Stored data:
▶

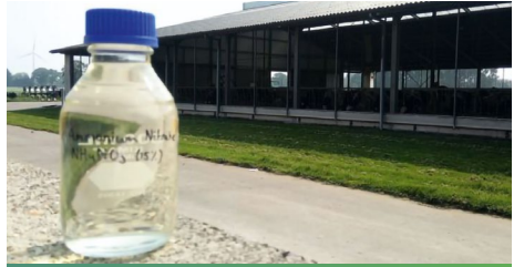
Nitrato di ammonio recuperato dal processo di strippaggio
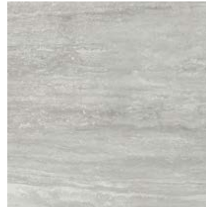
罗马洞石灰 • Travertino Grigio
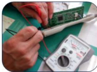
〈ベッドリモコン修理〉
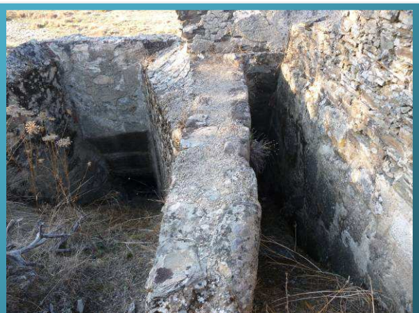
Canalización de agua al molino
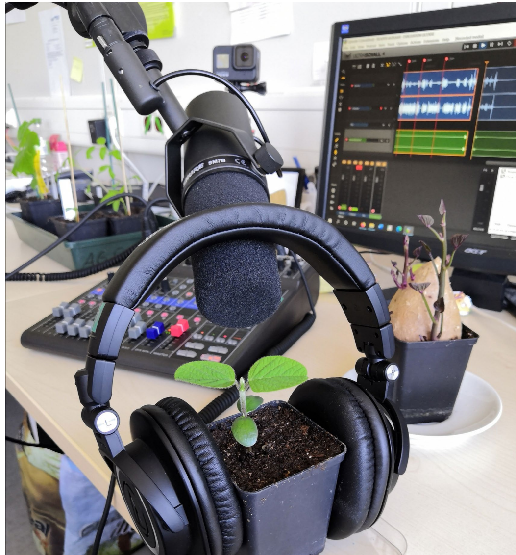
Krautnah – Der Pflanzenforschungspodcast für Jedermann, RWTH Aachen 2020/21
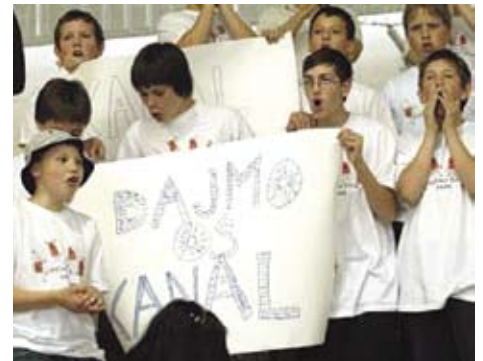
Navijači so odbojkarje burno spodbujali.

Letošnji dan odprtih vrat na OŠ Kanal je naravnost navdušil. Naša šola je gostila šolsko odbojkersko ligo (ŠOL) in se s tem predstavila ne le domačinom, pač pa je vrata na stežaj odprla celotni slovenski javnosti.
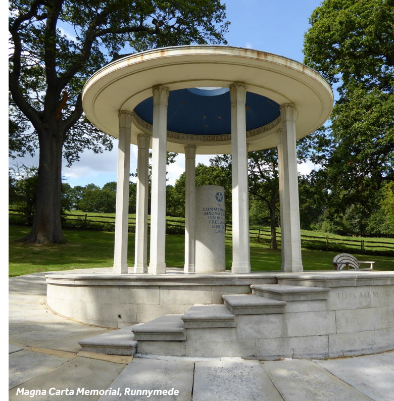
Magna Carta Memorial, Runnymede

König Johann traf sich vor fast 800 Jahren mit einer Gruppe von Baronen auf Magna Carta Island in Runnymede. Hier unterzeichnete er die Magna Carta, die von vielen als symbolischer erster Schritt auf dem Weg zur modernen Demokratie angesehen wird. Legen Sie an den Ufern direkt vor dem Runnymede Vergnügungspark an (eine geringe Gebühr fällt an). Sie werden in der Entfernung das Magna Carta Memorial sehen. Passen Sie auf, wenn Sie die befahrenen Straßen überqueren, und gehen Sie über das Feld auf das Denkmal zu. Das an einem sanften Hang mit Blick auf die Themse gelegene Denkmal ist der perfekte Ort für eine Pause und erinnert an den ständigen Kampf für die Freiheit.
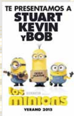
10-14 julio LOS MINIONS (TP)
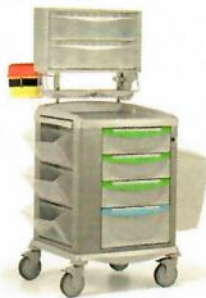
(Zdjęcie poglądowe oferowanego wózka)

Czy Zamawiający dopuści wózek wyposażony w pojemnik z pokrywą montowany do wózka o poj. 14l – 2 szt.?
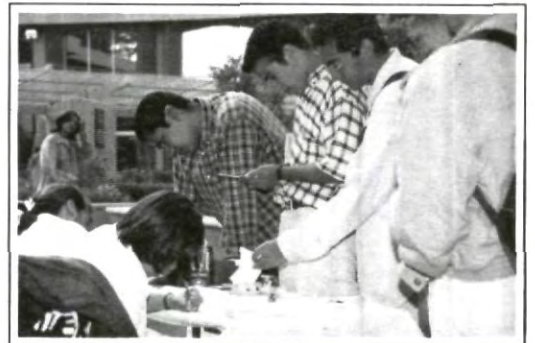
El objetivo: crear conciencia entre la juventud de la importancia de la donación altruista de sangre

Los requisitos para donar son: ayuno mínimo de 4
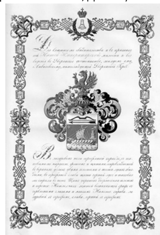
Страница с рисунком герба в подлиннике диплома

◀

Work to be completed -> Reproduce each entry precisely; the pictures stay out.

Completed exercise ->
Nitrato di ammonio recuperato dal processo di strippaggio
罗马洞石灰 • Travertino Grigio
〈ベッドリモコン修理〉
Canalización de agua al molino
Krautnah – Der Pflanzenforschungspodcast für Jedermann, RWTH Aachen 2020/21
Navijači so odbojkarje burno spodbujali.

Letošnji dan odprtih vrat na OŠ Kanal je naravnost navdušil. Naša šola je gostila šolsko odbojkersko ligo (ŠOL) in se s tem predstavila ne le domačinom, pač pa je vrata na stežaj odprla celotni slovenski javnosti.
Magna Carta Memorial, Runnymede

König Johann traf sich vor fast 800 Jahren mit einer Gruppe von Baronen auf Magna Carta Island in Runnymede. Hier unterzeichnete er die Magna Carta, die von vielen als symbolischer erster Schritt auf dem Weg zur modernen Demokratie angesehen wird. Legen Sie an den Ufern direkt vor dem Runnymede Vergnügungspark an (eine geringe Gebühr fällt an). Sie werden in der Entfernung das Magna Carta Memorial sehen. Passen Sie auf, wenn Sie die befahrenen Straßen überqueren, und gehen Sie über das Feld auf das Denkmal zu. Das an einem sanften Hang mit Blick auf die Themse gelegene Denkmal ist der perfekte Ort für eine Pause und erinnert an den ständigen Kampf für die Freiheit.
10-14 julio LOS MINIONS (TP)
(Zdjęcie poglądowe oferowanego wózka)

Czy Zamawiający dopuści wózek wyposażony w pojemnik z pokrywą montowany do wózka o poj. 14l – 2 szt.?
El objetivo: crear conciencia entre la juventud de la importancia de la donación altruista de sangre

Los requisitos para donar son: ayuno mínimo de 4
Страница с рисунком герба в подлиннике диплома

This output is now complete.